Set down exactly, from the records below, the line with "Hippie chic women's" through the line with "더욱 충격적인 건 그의", and nothing else.

- **RAW DATA**:
=== Begin Enclosure ===

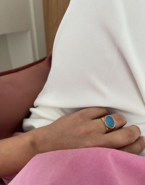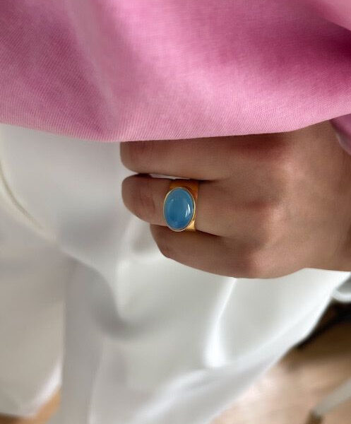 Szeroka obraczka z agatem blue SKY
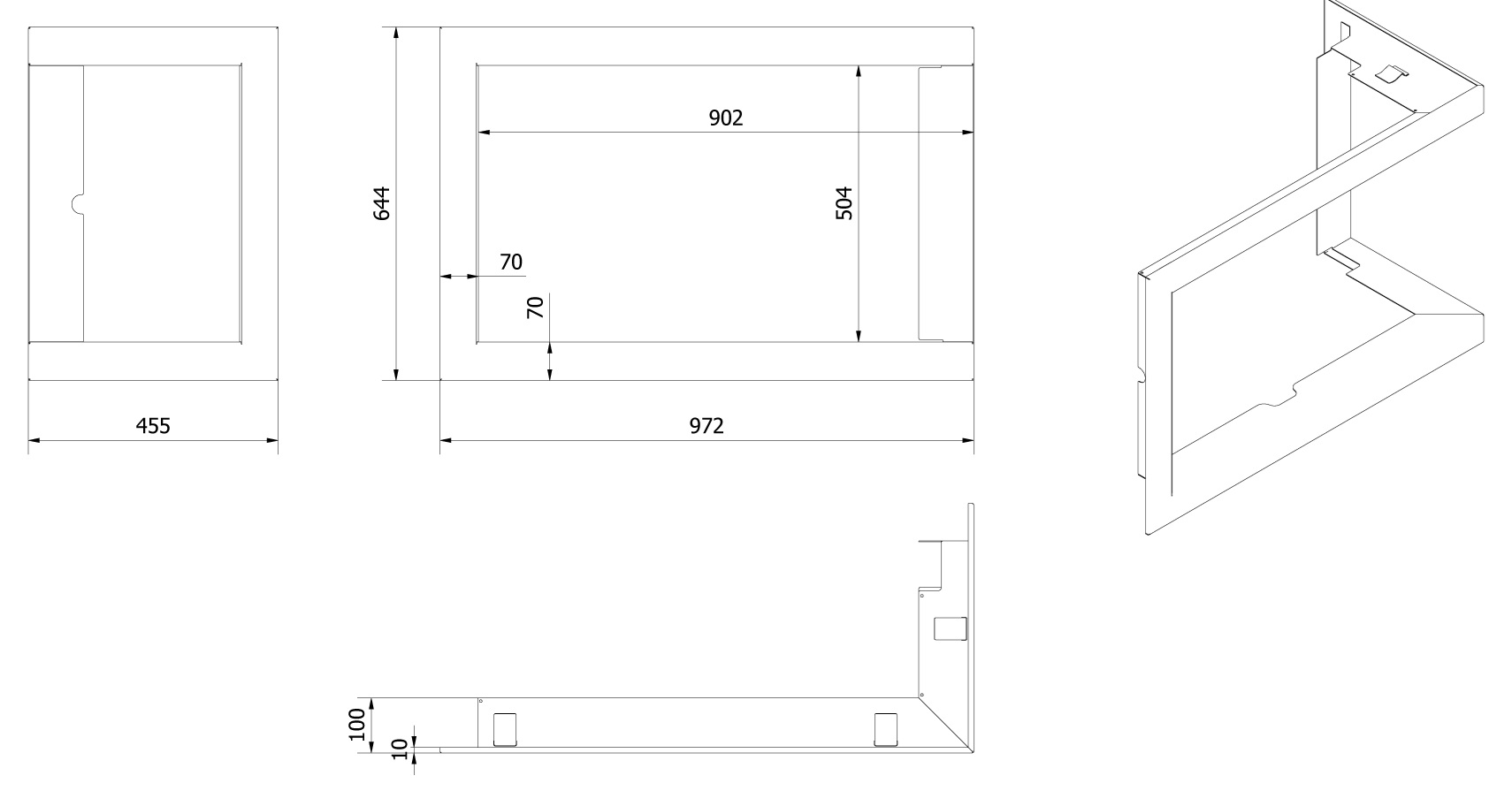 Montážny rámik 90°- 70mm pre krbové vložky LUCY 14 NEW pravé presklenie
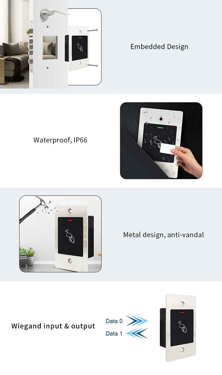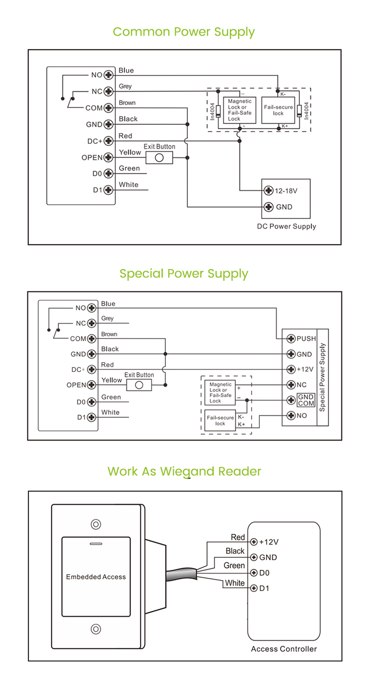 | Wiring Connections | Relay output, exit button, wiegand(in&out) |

=== End Enclosure ===
=== Begin Enclosure ===

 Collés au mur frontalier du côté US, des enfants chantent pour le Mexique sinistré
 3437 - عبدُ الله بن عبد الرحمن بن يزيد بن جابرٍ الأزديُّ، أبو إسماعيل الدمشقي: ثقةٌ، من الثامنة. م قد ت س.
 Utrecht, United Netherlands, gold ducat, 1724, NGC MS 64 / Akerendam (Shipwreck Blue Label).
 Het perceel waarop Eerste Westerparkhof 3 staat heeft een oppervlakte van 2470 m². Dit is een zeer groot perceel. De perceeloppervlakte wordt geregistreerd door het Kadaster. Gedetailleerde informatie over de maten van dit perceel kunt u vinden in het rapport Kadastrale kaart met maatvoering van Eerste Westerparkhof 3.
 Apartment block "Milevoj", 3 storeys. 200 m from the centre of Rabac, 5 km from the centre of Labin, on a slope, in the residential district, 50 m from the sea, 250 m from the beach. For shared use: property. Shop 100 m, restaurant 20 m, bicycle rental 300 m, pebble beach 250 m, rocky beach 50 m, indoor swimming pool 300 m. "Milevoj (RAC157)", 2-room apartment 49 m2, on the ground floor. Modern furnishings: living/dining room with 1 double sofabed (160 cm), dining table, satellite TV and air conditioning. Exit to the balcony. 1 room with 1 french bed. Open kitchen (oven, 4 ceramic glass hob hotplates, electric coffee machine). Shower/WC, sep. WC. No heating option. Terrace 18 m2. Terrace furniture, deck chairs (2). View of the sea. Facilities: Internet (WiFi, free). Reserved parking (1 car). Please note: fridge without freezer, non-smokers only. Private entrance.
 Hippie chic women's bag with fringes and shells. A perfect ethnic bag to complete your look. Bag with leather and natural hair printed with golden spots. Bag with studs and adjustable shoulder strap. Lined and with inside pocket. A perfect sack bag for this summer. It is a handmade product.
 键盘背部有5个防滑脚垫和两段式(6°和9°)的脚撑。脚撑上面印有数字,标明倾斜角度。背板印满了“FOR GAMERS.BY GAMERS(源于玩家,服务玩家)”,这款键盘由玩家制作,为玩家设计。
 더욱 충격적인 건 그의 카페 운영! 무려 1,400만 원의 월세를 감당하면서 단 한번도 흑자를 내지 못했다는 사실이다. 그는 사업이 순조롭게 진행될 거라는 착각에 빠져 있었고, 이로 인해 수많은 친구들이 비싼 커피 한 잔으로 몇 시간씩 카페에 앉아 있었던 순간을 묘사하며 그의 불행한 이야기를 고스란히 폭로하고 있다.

=== End Enclosure ===

- **WRITTEN ANSWER**:
 Hippie chic women's bag with fringes and shells. A perfect ethnic bag to complete your look. Bag with leather and natural hair printed with golden spots. Bag with studs and adjustable shoulder strap. Lined and with inside pocket. A perfect sack bag for this summer. It is a handmade product.
 键盘背部有5个防滑脚垫和两段式(6°和9°)的脚撑。脚撑上面印有数字,标明倾斜角度。背板印满了“FOR GAMERS.BY GAMERS(源于玩家,服务玩家)”,这款键盘由玩家制作,为玩家设计。
 더욱 충격적인 건 그의 카페 운영! 무려 1,400만 원의 월세를 감당하면서 단 한번도 흑자를 내지 못했다는 사실이다. 그는 사업이 순조롭게 진행될 거라는 착각에 빠져 있었고, 이로 인해 수많은 친구들이 비싼 커피 한 잔으로 몇 시간씩 카페에 앉아 있었던 순간을 묘사하며 그의 불행한 이야기를 고스란히 폭로하고 있다.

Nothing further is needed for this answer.